(EXERCISE DATA)
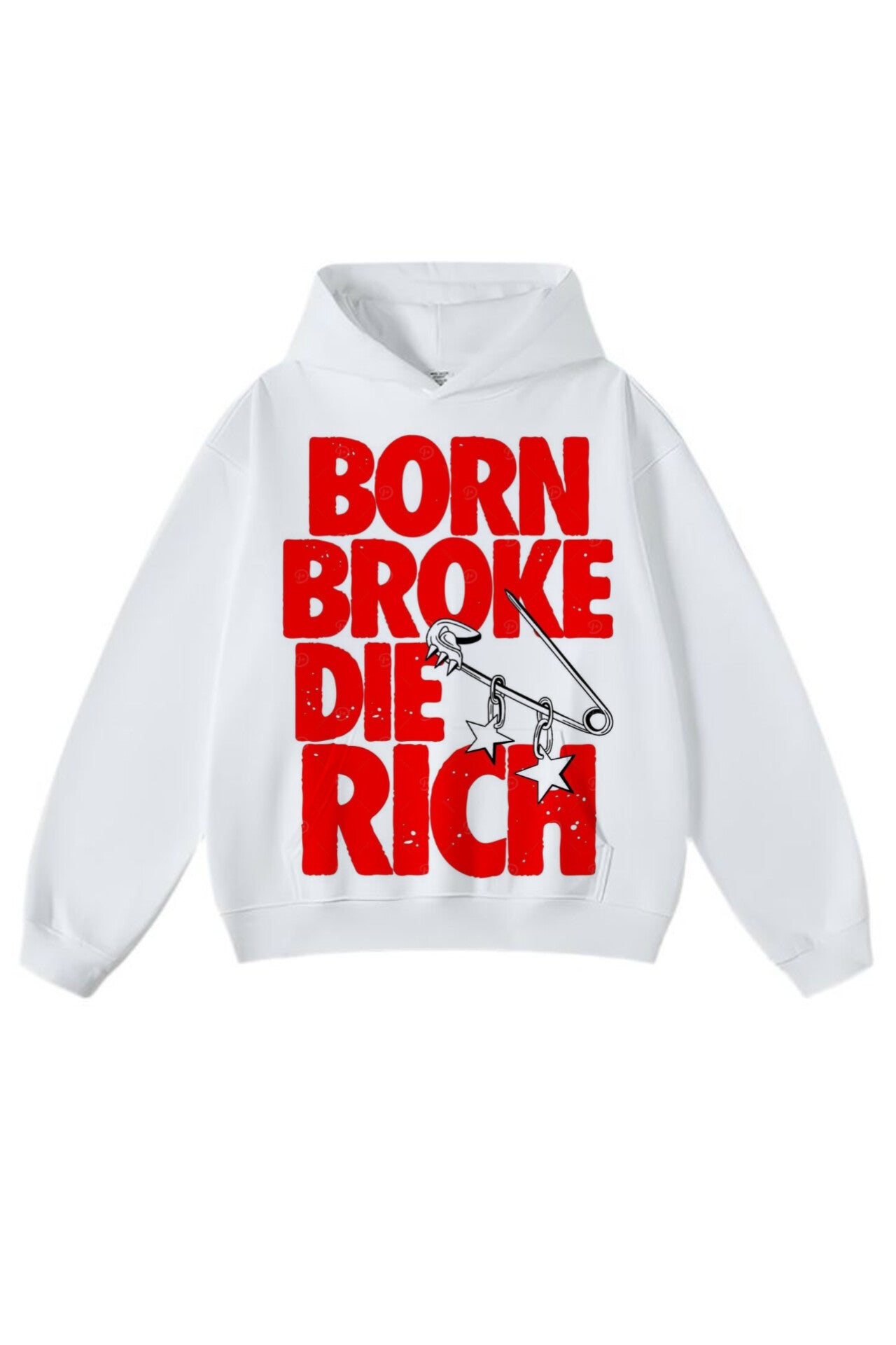 Make a fearless statement with the Born Broke Die Rich hoodie — designed for dreamers, hustlers, and those who refuse to settle. Crafted in clean white with striking red typography, this hoodie delivers a powerful message of ambition and grind. The bold back print is complemented by a minimal front logo for a balanced streetwear look.
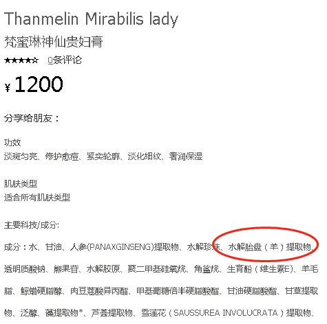 并且,官网上梵蜜琳神仙贵妇膏在宣传中还声称,主要成分含水解胎盘(羊)提取物,且详情页面有显眼的“胎盘素”字样。但有业内人士称,胎盘素美容、抗衰只是谣言,并无依据。
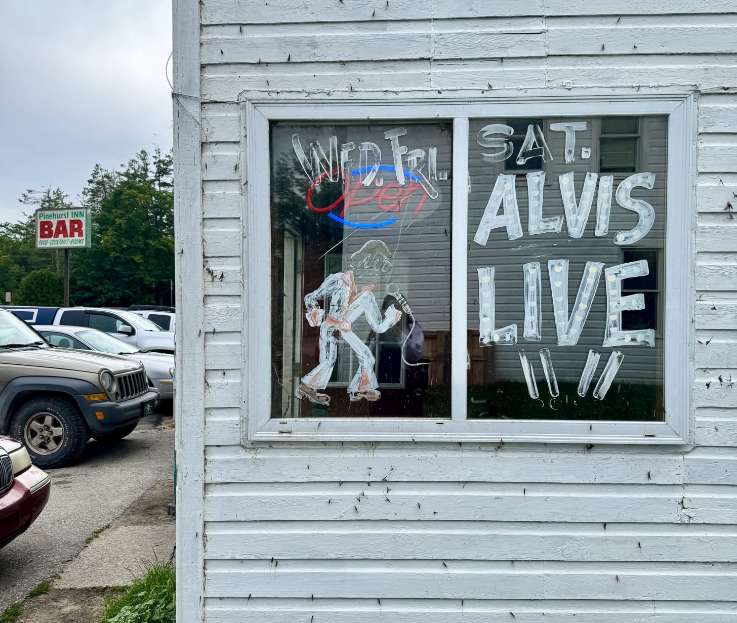 I’d like to begin this broadcast with a shoutout to Jameson Draper, who emailed me this time last year to recommend a place he called “the quintessential Northern Michigan town.” The town of Indian River (pop. 2,210) sits along a river of the same name, connecting a pair of inland lakes chock-full of trout, perch, walleye, and a state-record sum of sturgeon. And that was all well and good, but what grabbed me was the next part: “Have a pizza and a Labatt at the Pinehurst Inn, but be weary of whatever ‘coke’ the bikers that live in the corners give you. The owner cosplays an unintelligible Elvis; he goes by ‘Alvis.’ I’m pretty sure the second floor is a halfway house.”

(WHAT IS NEEDED)
Reproduce the data word for word without its images.

(ANSWER SECTION)
 Make a fearless statement with the Born Broke Die Rich hoodie — designed for dreamers, hustlers, and those who refuse to settle. Crafted in clean white with striking red typography, this hoodie delivers a powerful message of ambition and grind. The bold back print is complemented by a minimal front logo for a balanced streetwear look.
 并且,官网上梵蜜琳神仙贵妇膏在宣传中还声称,主要成分含水解胎盘(羊)提取物,且详情页面有显眼的“胎盘素”字样。但有业内人士称,胎盘素美容、抗衰只是谣言,并无依据。
 I’d like to begin this broadcast with a shoutout to Jameson Draper, who emailed me this time last year to recommend a place he called “the quintessential Northern Michigan town.” The town of Indian River (pop. 2,210) sits along a river of the same name, connecting a pair of inland lakes chock-full of trout, perch, walleye, and a state-record sum of sturgeon. And that was all well and good, but what grabbed me was the next part: “Have a pizza and a Labatt at the Pinehurst Inn, but be weary of whatever ‘coke’ the bikers that live in the corners give you. The owner cosplays an unintelligible Elvis; he goes by ‘Alvis.’ I’m pretty sure the second floor is a halfway house.”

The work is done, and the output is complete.